In this year’s CASP, AlphaFold predicted the structure of dozens of proteins with a margin of error of just 1.6 angstroms—that’s 0.16 nanometers. This far outstrips all other computational methods and for the first time matches the accuracy of experimental techniques to map out the structure of proteins in the lab, such as cryo-electron microscopy, nuclear magnetic resonance and x-ray crystallography. These techniques are expensive and slow: it can take hundreds of thousands of dollars and years of trial and error for each protein. AlphaFold can find a protein’s shape in a few days.

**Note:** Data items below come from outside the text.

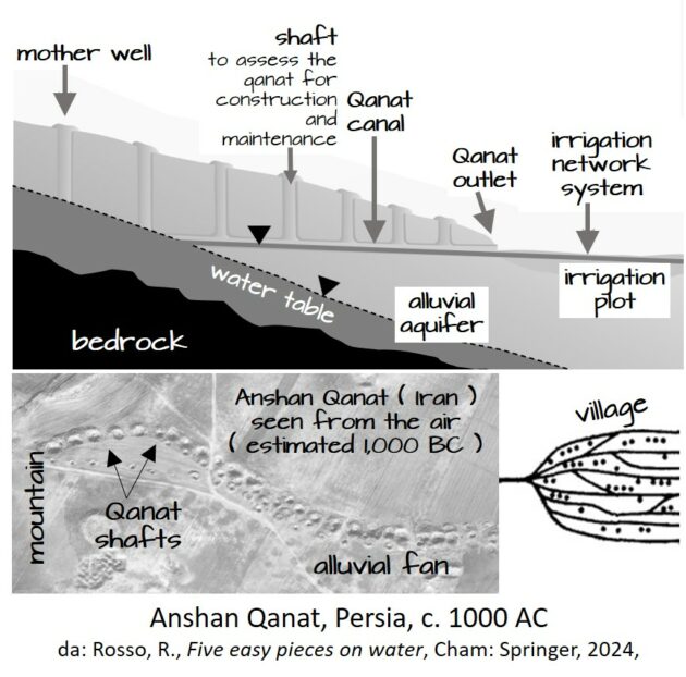 Gli Emirati Arabi Uniti hanno un consumo giornaliero pro capite tra 500 e 550 litri al giorno, più del 90 percento desalinizzata. Il Qatar ne consuma tra 400 e 450, al 99 percento desalinizzata, così come il Kuwait. Nel Bahrein i consumi giornalieri sono un po’ più contenuti, da 350 a 400 litri al giorno, ma la quota derivante dalla desalinizzazione è ancora elevatissima, tra il 90 e il 95 percento. A sua volta, l’Iran è un paese storicamente assetato; ma i suoi consumi non superano i 200 litri al giorno per abitante. La Persia è la culla della moderna ingegneria idraulica, poiché i suoi “qanat” di tremila anni fa hanno indicato all’umanità la via per rifornirsi d’acqua anche in condizioni geograficamente e climaticamente difficili (Fig.1). Tuttora, la quota della desalinizzazione iraniana è inferiore all’uno per cento, poiché le principali fonti sono le acque superficiali e sotterranee.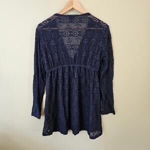 Nautica women's navy blue long sleeve cover-up, size medium. Perfect to wear over your swimsuit at the pool or beach!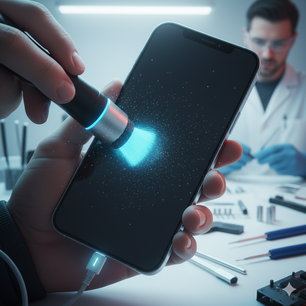 স্পিকার গ্রিলের ভিতরে ধুলো ও ঘাম জমে শব্দ কমে যাওয়ার সমস্যা দেখা দেয়। বিশেষ সাকশন ও এয়ার জেটের মাধ্যমে সেই ধুলো অপসারণ করা হয়। - চার্জিং পোর্ট ও লাইটনিং কানেক্টর ক্লিনিং: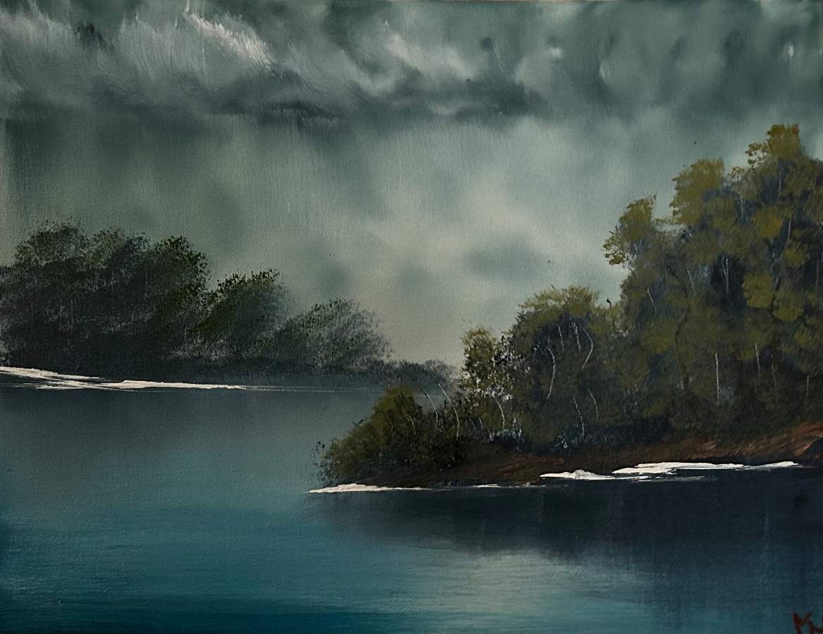 A stormy scene from a local park. Did a demo of this painting at a farmers market.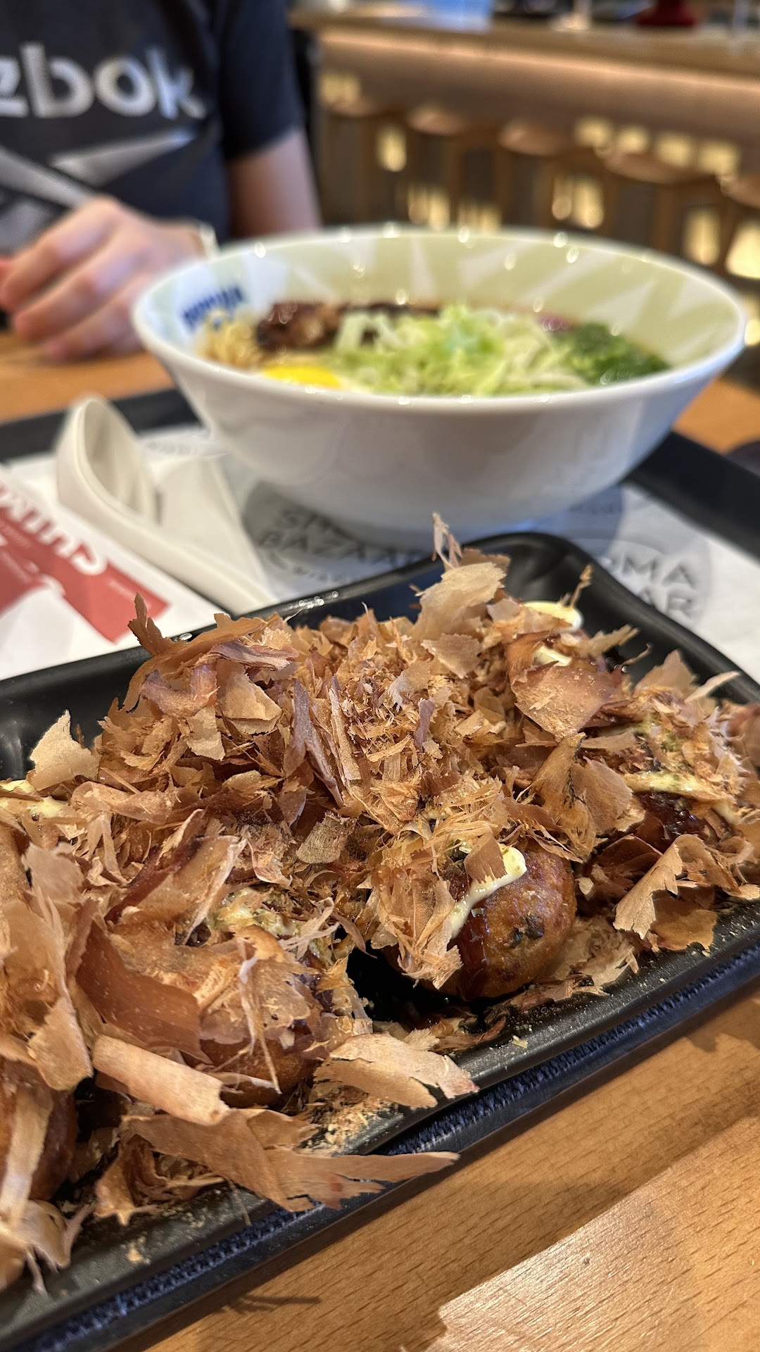Read moreThis is a food stall in the Bazaar food hall, and such everything you buy has a premium added to it. They charge $20 (pre-tax and tip)for the spicy tonkatsu ramen (forefront in the picture). It came with ONE very thin, almost deli style, slice of "chasu". It only brought half an egg, which was hard boiled and not marinated. I asked for no mushroom but the soup, as you can see, come very plain. In the background of the picture, you can see the "large" bowl, which is not a larger bowl but same size with more fixings, a whole hard boiled egg, and a couple more slices...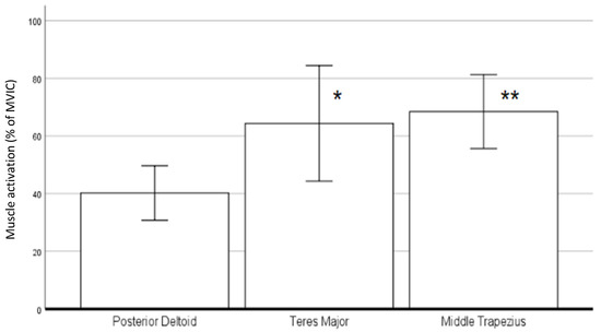 Muscle activity in middle phase (in % of MVIC). * Significantly higher muscle activation than posterior deltoid (p = 0.04). ** Significantly higher muscle activation than posterior deltoid (p < 0.01).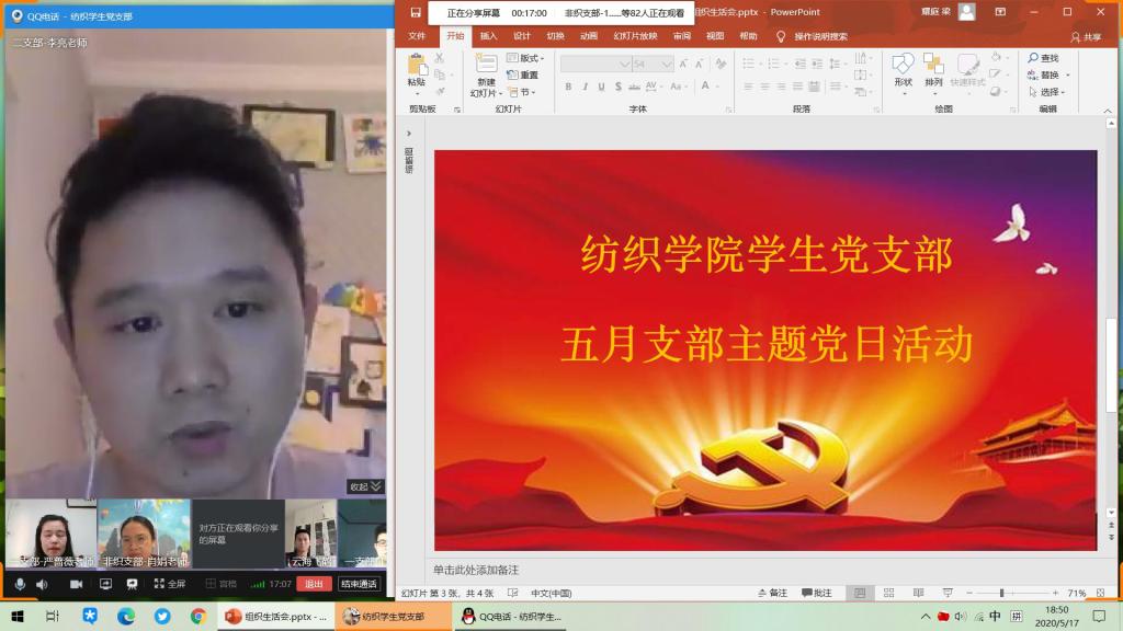 5月17日下午6点,纺织学院学生党支部组织开展了“激扬战‘疫’”为主题的支部党日活动,本次活动在学生党支部QQ群中以群连线视频的方式开展,纺织学院党委陈海副书记、三位本科生支部书记以及全体学生党员参与了本次云上会议。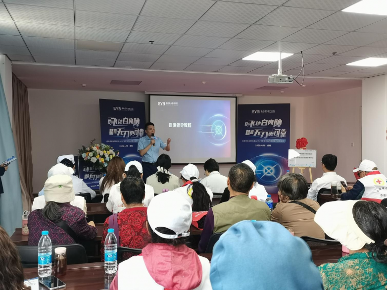 昆明爱尔眼科医院副院长杨建宇教授率先登台,带来《飞秒激光白内障技术原理与优势》专题科普。杨教授结合大量临床案例与对比数据,深入浅出地讲解了LenSx飞秒激光如何通过计算机精准定位、智能切割,替代传统手术刀完成角膜切口、环形撕囊、预劈核等关键步骤。他强调:“飞秒激光将白内障手术的精准度提升到微米级,创伤更小、恢复更快,尤其适合对视觉质量要求高的患者。”通俗易懂的讲解让台下患者频频点头。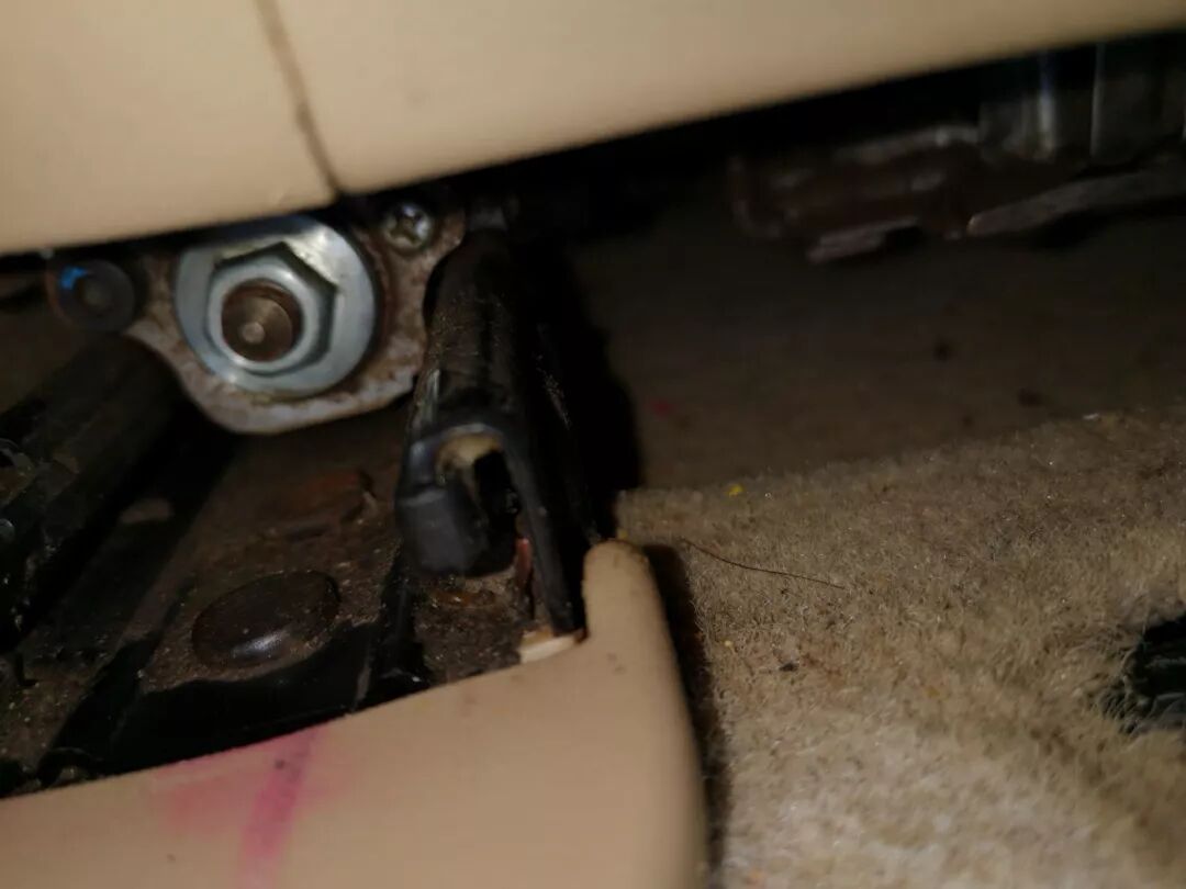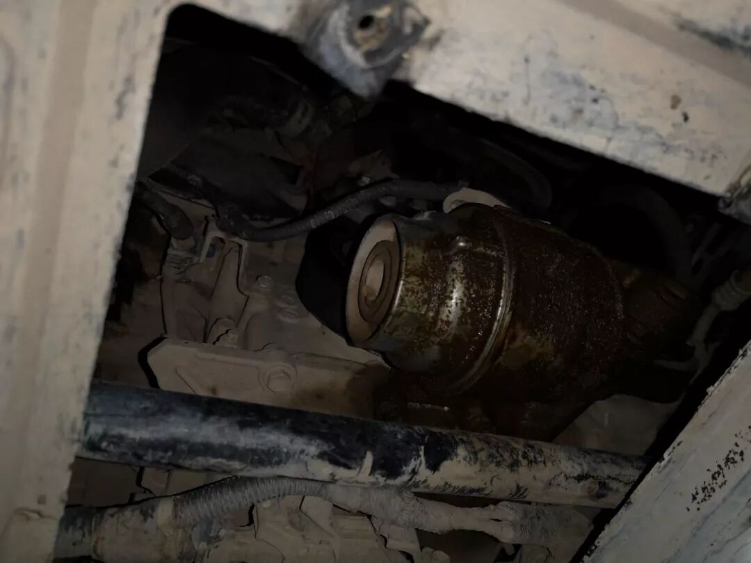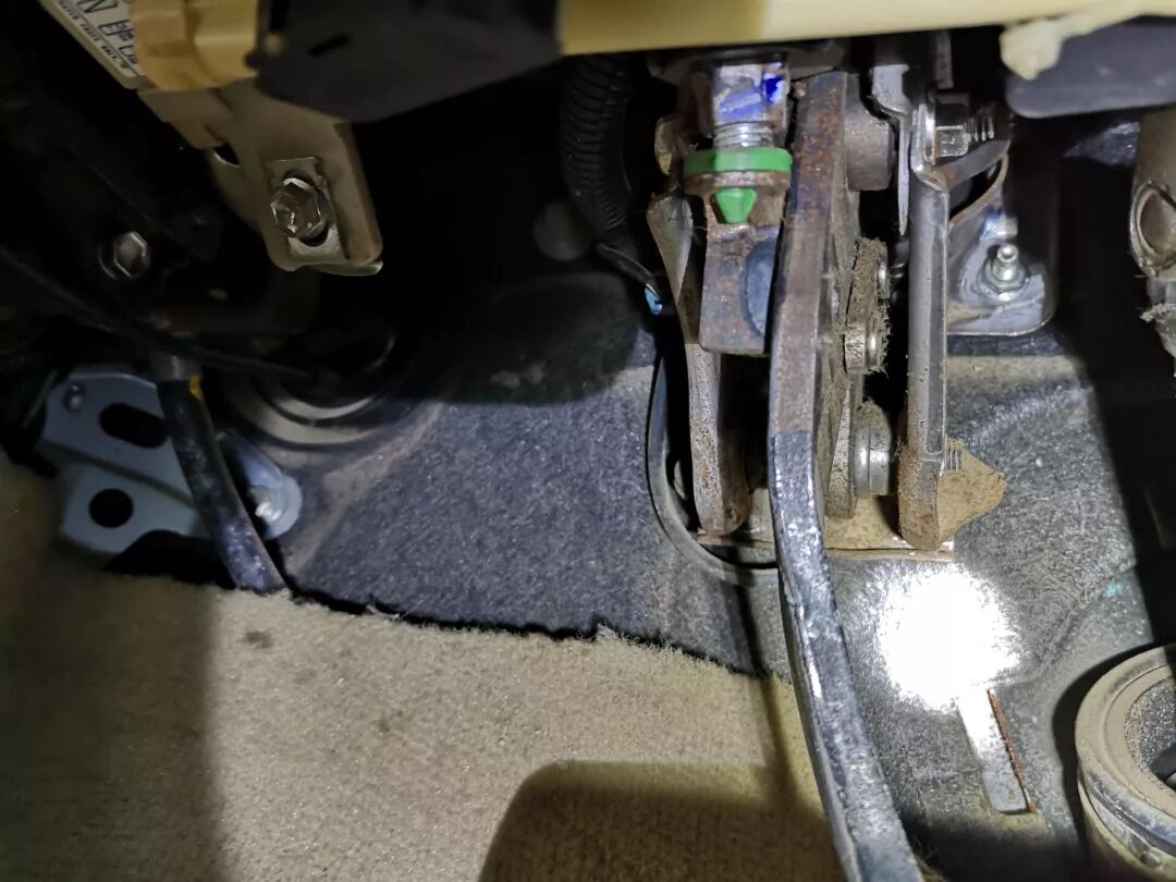 当我检测到驾驶舱主驾驶位的时候,发现车门框处、刹车和油门踏板处、转向柱处和座椅滑轨处都有锈迹,此车有泡水的嫌疑,但是单从这些表面的地方不能断定就是泡水车,因为这些地方本来就裸露在外面很容易遇到水或其他液体被腐蚀。

But identifying a protein’s structure is very hard. For most proteins, researchers have the sequence of amino acids in the ribbon but not the contorted shape they fold into. And there are typically an astronomical number of possible shapes for each sequence. Researchers have been wrestling with the problem at least since the 1970s, when Christian Anfinsen won the Nobel prize for showing that sequences determined structure.
The breakthrough could help researchers design new drugs and understand diseases. In the longer term, predicting protein structure will also help design synthetic proteins, such as enzymes that digest waste or produce biofuels. Researchers are also exploring ways to introduce synthetic proteins that will increase crop yields and make plants more nutritious.
“It’s a very substantial advance,” says Mohammed AlQuraishi, a systems biologist at Columbia University who has developed his own system for predicting protein structure. “It’s something I simply didn’t expect to happen nearly this rapidly. It’s shocking, in a way.”
“This really is a big deal,” says David Baker, head of the Institute for Protein Design at the University of Washington and leader of the team behind Rosetta, a family of protein analysis tools. “It’s an amazing achievement, like what they did with Go.”
The launch of CASP in 1994 gave the field of predicting protein structures a boost. Every two years, the organizers release 100 or so amino acid sequences for proteins whose shapes have been identified in the lab but not yet made public. Dozens of teams from around the world then compete to find the correct way to fold them up using software. Many of the tools developed for CASP are already used by medical researchers. But progress was slow, with two decades of incremental advances failing to produce a shortcut to painstaking lab work.
When DeepMind entered the competition in 2018 with its first version of AlphaFold, it gave CASP the jolt it was looking for. It still could not match the accuracy of a lab but it left other computational techniques in the dust. Researchers took note: soon many were adapting their own systems to work more like AlphaFold.
This year more than half of the entries use some form of deep learning, says Moult. The accuracy overall was higher as a result. Baker’s new system, called trRosetta, uses some of DeepMind’s ideas from 2018. But it still came a “very distant second,” he says.
In CASP, results are scored using what’s known as a global distance test (GDT), which measures on a scale from 0 to 100 how close a predicted structure is to the actual shape of a protein identified in lab experiments. The latest version of AlphaFold scored well for all proteins in the challenge. But it got a GDT score above 90 for around two thirds of them. Its GDT for the hardest proteins was 25 points higher than the next best team, says John Jumper, who heads up the AlphaFold team at DeepMind. In 2018 the lead was around six points.